§ Problem description: Please give the lines below again exactly as they stand, from the one that contains "fra din enhet." up to and including the one that contains "Step inside and", leaving all pictures out.

§ Records to use:
---------------

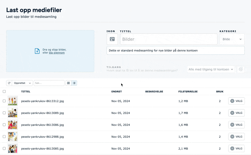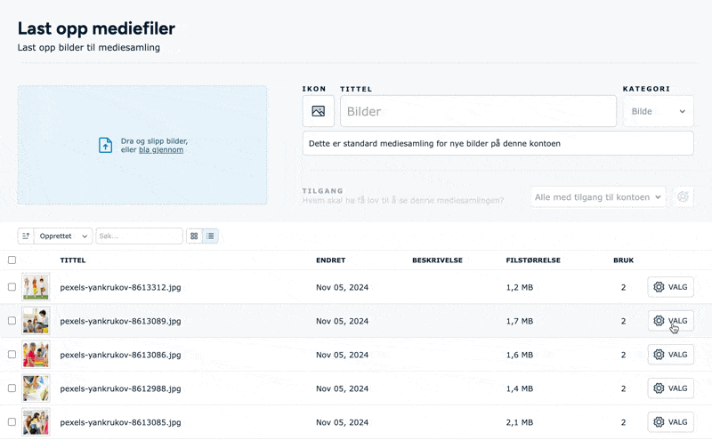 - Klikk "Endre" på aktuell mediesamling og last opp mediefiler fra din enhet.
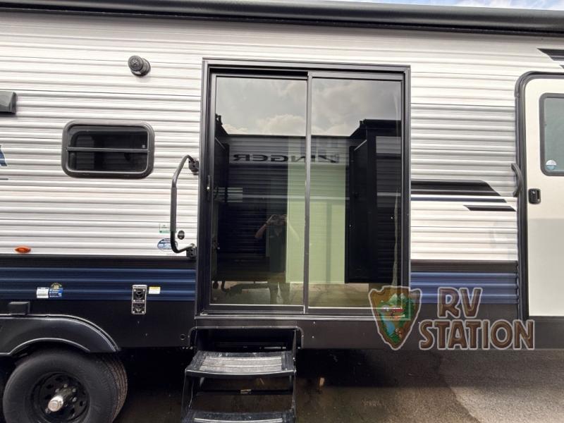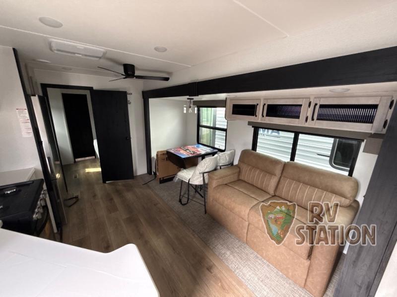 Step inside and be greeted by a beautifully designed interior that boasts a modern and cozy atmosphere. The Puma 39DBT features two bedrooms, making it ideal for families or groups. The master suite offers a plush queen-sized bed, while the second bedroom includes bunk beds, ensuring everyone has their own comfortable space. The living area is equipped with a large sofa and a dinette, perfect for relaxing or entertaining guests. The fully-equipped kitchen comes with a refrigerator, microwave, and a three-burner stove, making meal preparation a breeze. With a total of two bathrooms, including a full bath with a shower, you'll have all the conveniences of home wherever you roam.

---------------

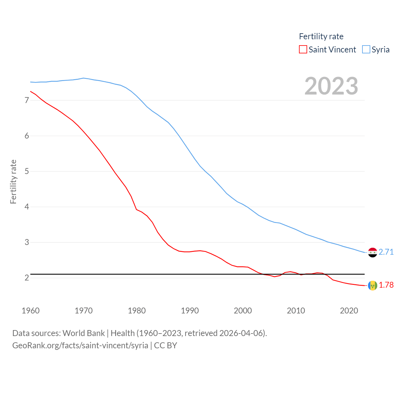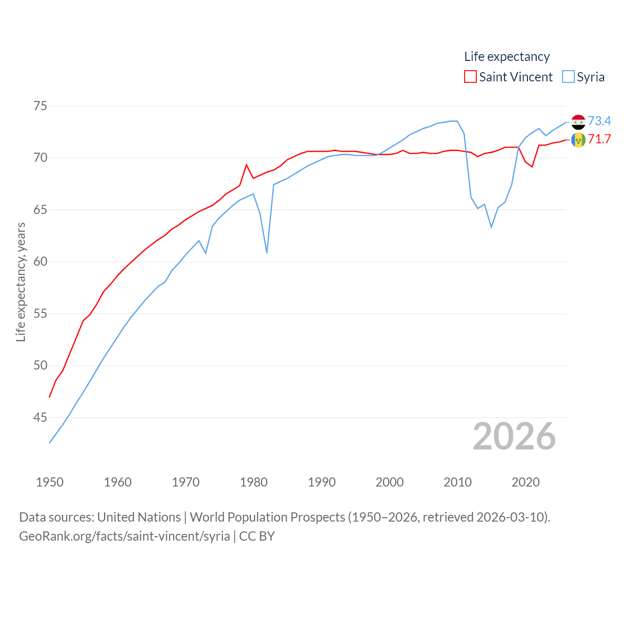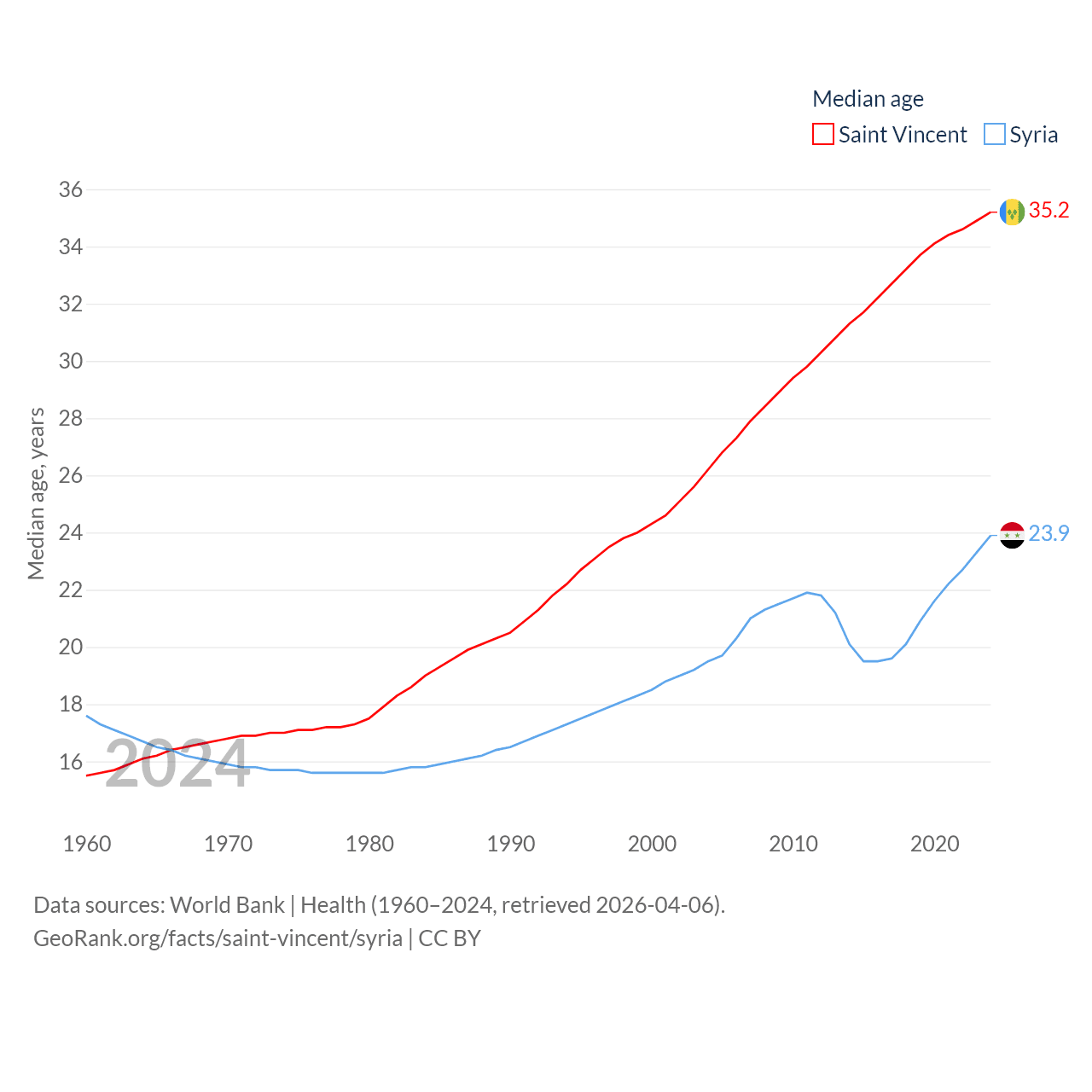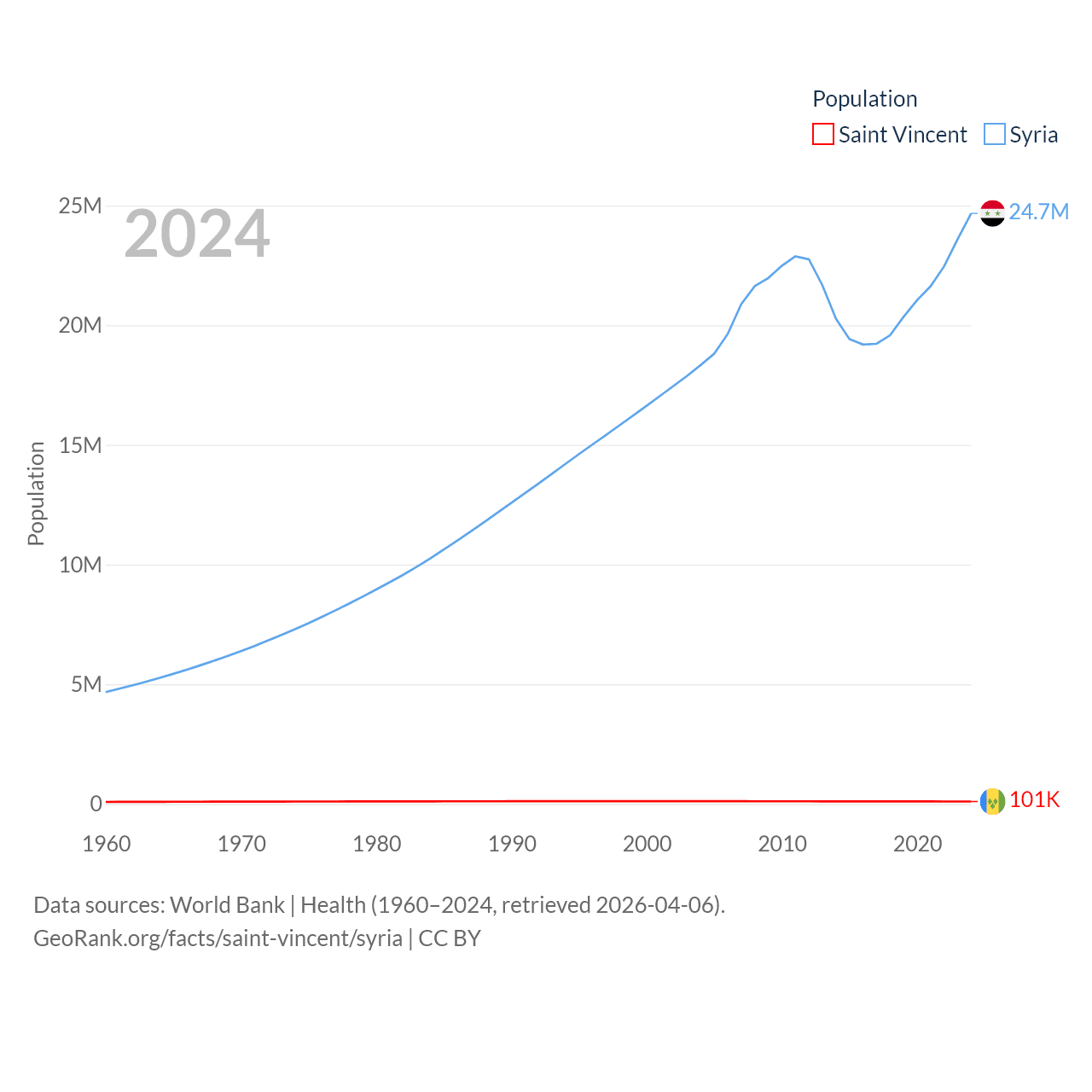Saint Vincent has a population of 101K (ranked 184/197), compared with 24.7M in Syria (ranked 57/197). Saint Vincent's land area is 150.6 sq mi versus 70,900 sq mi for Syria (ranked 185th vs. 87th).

---------------

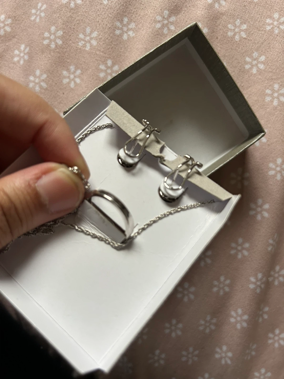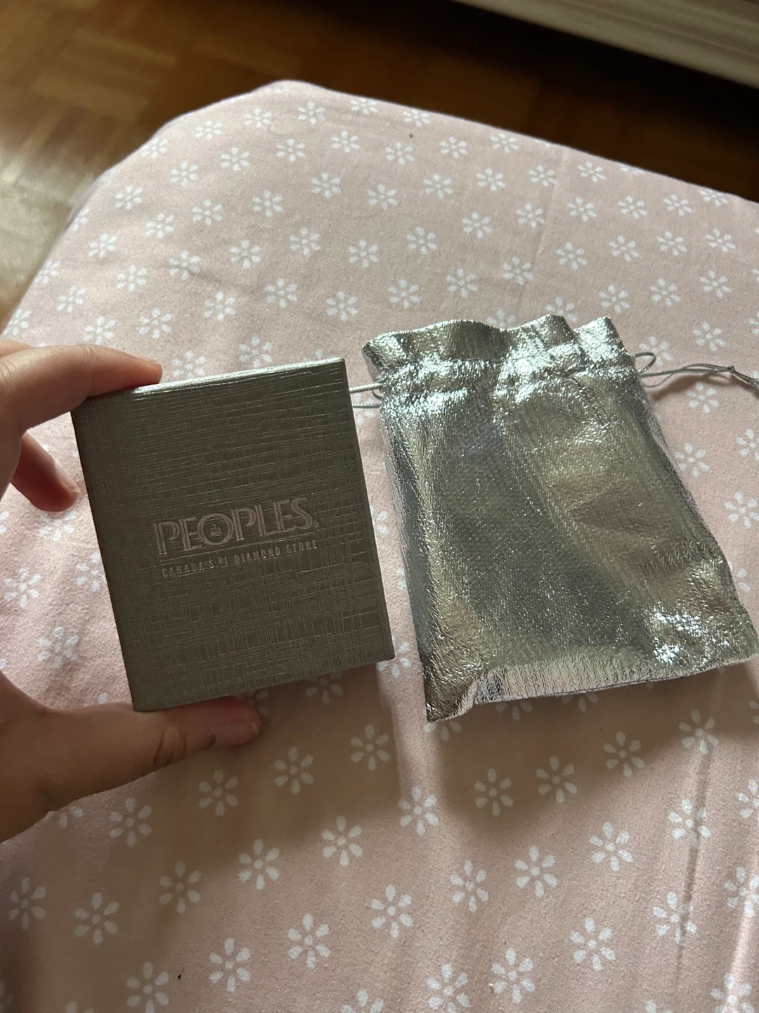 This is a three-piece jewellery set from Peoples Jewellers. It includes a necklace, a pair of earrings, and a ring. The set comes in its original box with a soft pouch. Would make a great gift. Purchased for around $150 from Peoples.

---------------

§ Solution below:
 - Klikk "Endre" på aktuell mediesamling og last opp mediefiler fra din enhet.
 Step inside and be greeted by a beautifully designed interior that boasts a modern and cozy atmosphere. The Puma 39DBT features two bedrooms, making it ideal for families or groups. The master suite offers a plush queen-sized bed, while the second bedroom includes bunk beds, ensuring everyone has their own comfortable space. The living area is equipped with a large sofa and a dinette, perfect for relaxing or entertaining guests. The fully-equipped kitchen comes with a refrigerator, microwave, and a three-burner stove, making meal preparation a breeze. With a total of two bathrooms, including a full bath with a shower, you'll have all the conveniences of home wherever you roam.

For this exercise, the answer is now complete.